Sunday, March 2, 2014

Cold and Old

For the last six weeks, we have had a long cold spell with only a few breaks. The temperature has varied between about -18 and -35 degrees Celsius. However this weekend, it also has been windy, with a wind chill factor of -40. Minus 40 is the same in both the Celsius and Farenheit scales. At minus 40, exposed skin freezes in 10 minutes. 

However, it is the weekend, and I was getting stir crazy from being cooped up indoors. So Kate  (our dog) and I went out walking. Yesterday was a gloriously sunny day with a brisk wind, wind chill of minus 40, and we managed a 40 minute walk. Today, it has snowed steadily. We went out at the warmest part of the afternoon, -19 on the thermometer with a moderate wind. We stayed in the residential area rather than venturing out on the exposed hills, and this time I bundled up better with long underwear, fleece, a down jacket, warm toque and gloves, and a scarf. When the wind was sharp, I pulled the scarf up over my nose and mouth. 
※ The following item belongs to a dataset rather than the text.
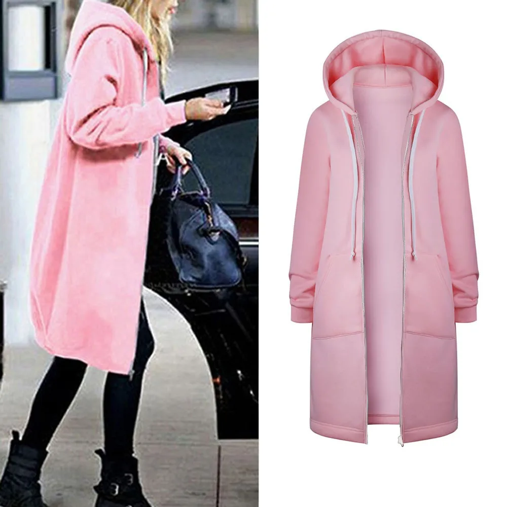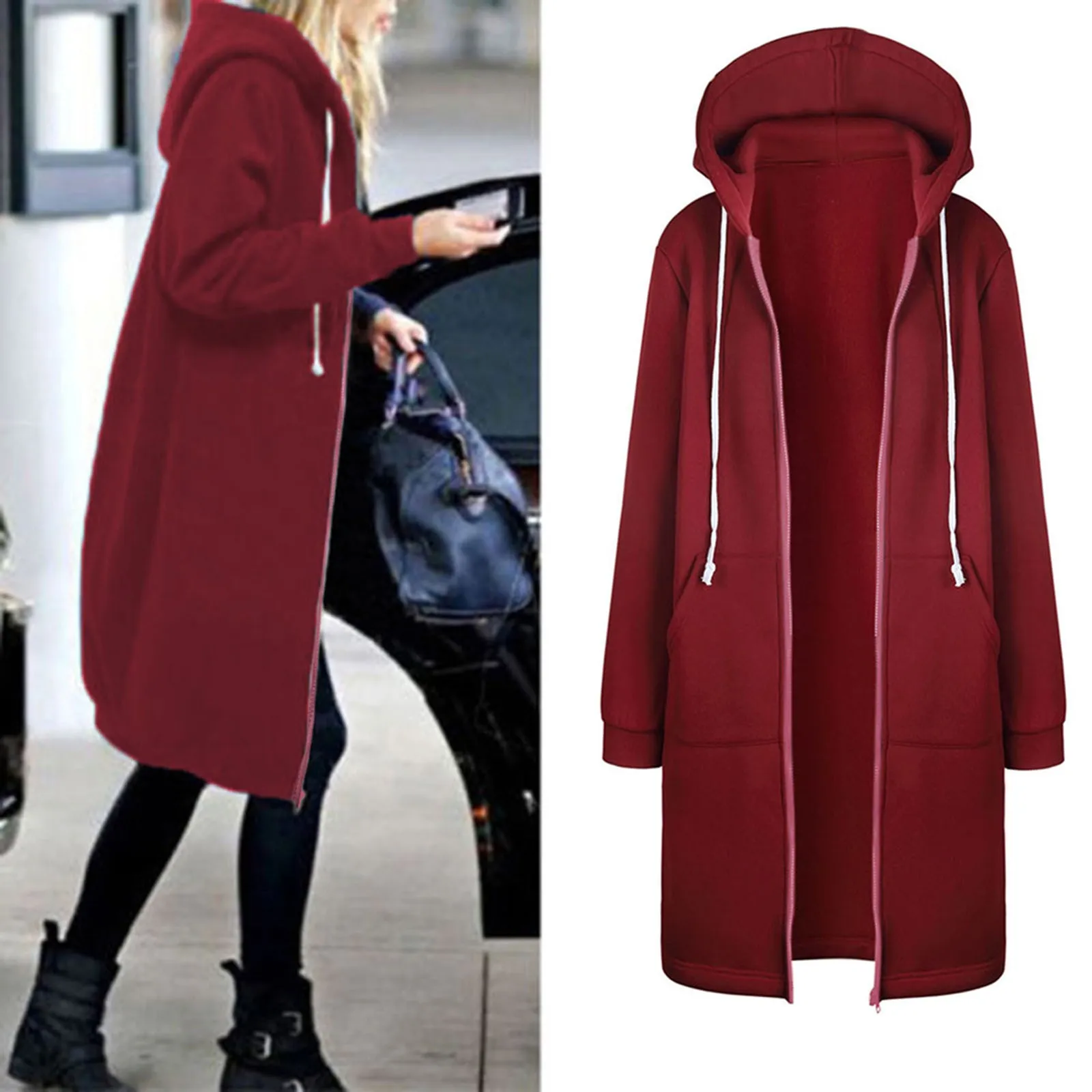 Женские толстовки, теплые толстовки на молнии, свитшот, длинное пальто, куртка, топы, верхняя одежда на молнии, женская верхняя одежда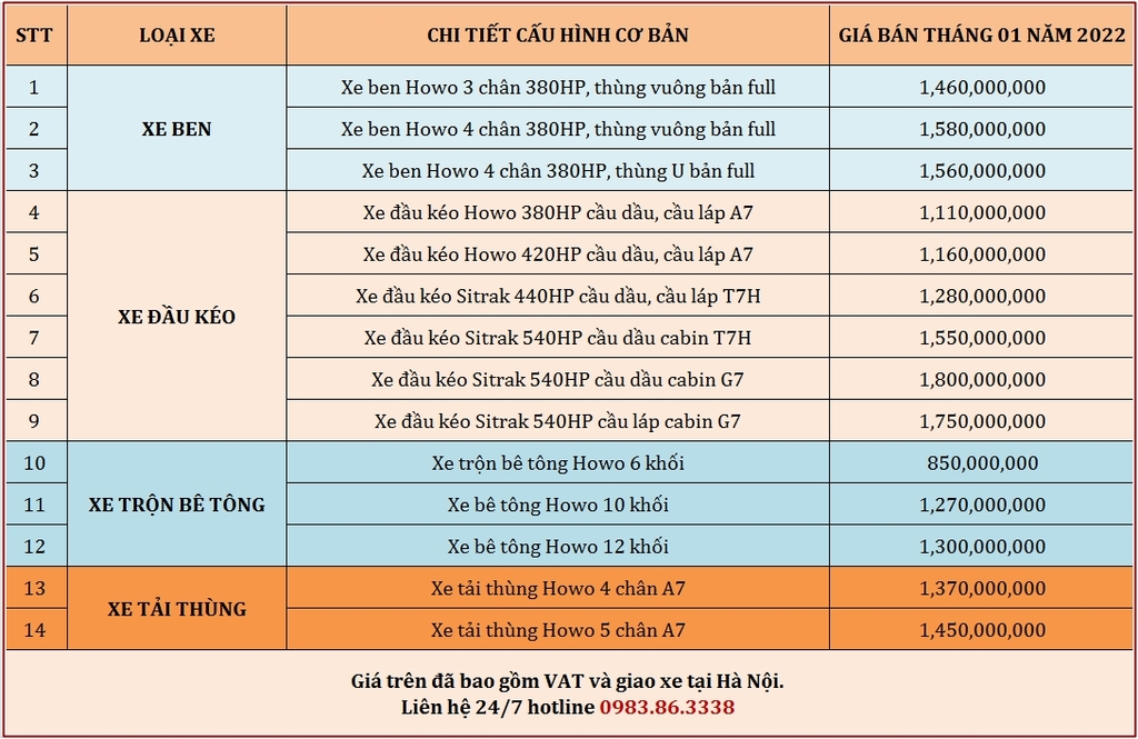Những tháng đầu năm 2022, các loại xe tải Howo nhập khẩu có tại thị trường Việt Nam là các loại xe sản xuất 2021. Xe sản xuất 2022 dự kiến sẽ về Việt Nam vào thời gian khoảng tháng 4.2022. Giá trên đã bao gồm VAT và giao xe tại Hà Nội.

Kate was eager for each walk, but also happy to arrive back home to warm up. The photo below, snapped near the end of our half-hour walk today, shows her with icicles on her chin. Her feet were getting cold as well and she started to hobble on 3 feet. But what the heck - we are hardy Northeners, and her feet were fine once she warmed up.


Or, maybe we're not so hardy. Now that I am in late middle age, I find I have much less tolerance for the cold. My lips are chapped. Every joint and muscle aches. The skin on my fingers cracks and bleeds. I have exema on the insides of my elbows. Whine, whine. I don't like to admit to this softness. 

Growing up in northern Canada, cold winters were the norm. Winters were longer and colder back then, and we went outside to play except in the very coldest weather. We walked to school and back, a distance of about a kilometre each way, and to town with my mom to buy groceries. 

When I was a child, we did not have the wonderful fabrics that we have today: fleece and down and technical base layers. We wore ankle height lined rubber overshoes over our leather school shoes, or hand-knit woollen socks in lined gumboots. We had knitted toques and mittens that never failed to become soaking wet while we played in the snow building forts, making snow angels, and dragging the younger children on the toboggan on imaginary pioneer trips into the bush. We tolerated the cold and went on with our lives. That was just the way it was.

Balaclavas, familiar now as gangster attire, became popular as I reached my teen years. They covered the face, protecting the cheeks and nose from freezing. I have frozen my cheeks and nose and ears, and understand to value of covering exposed flesh. However, as a teenaged girl, I refused to wear a balaclava except in the most extreme circumstances, and only if none of my peers would see me. I remember my breath freezing on the wool near my nose and mouth and the feeling of wet wool and ice against my face, chapping the skin.  

Nowadays, we have grown soft. We run from our warm, centrally heated homes to our pre-warmed cars, and from the cars to warm malls or office buildings. People just don't go outside except in perfect weather, unless they are skiers or snowmobilers. Yesterday, in 40 minutes, I only saw one other person outside - a bundled up man also walking his dog. He greeted me effusively. Mostly I saw people whizzing by in cars, craning their necks to look at me (that fool walking a dog!). Today, I saw two men outside shovelling their walks. I certainly did not see any children playing out of doors. 

Cold weather. I do not like it anymore. However, I am old enough to remember cold winters as way of life.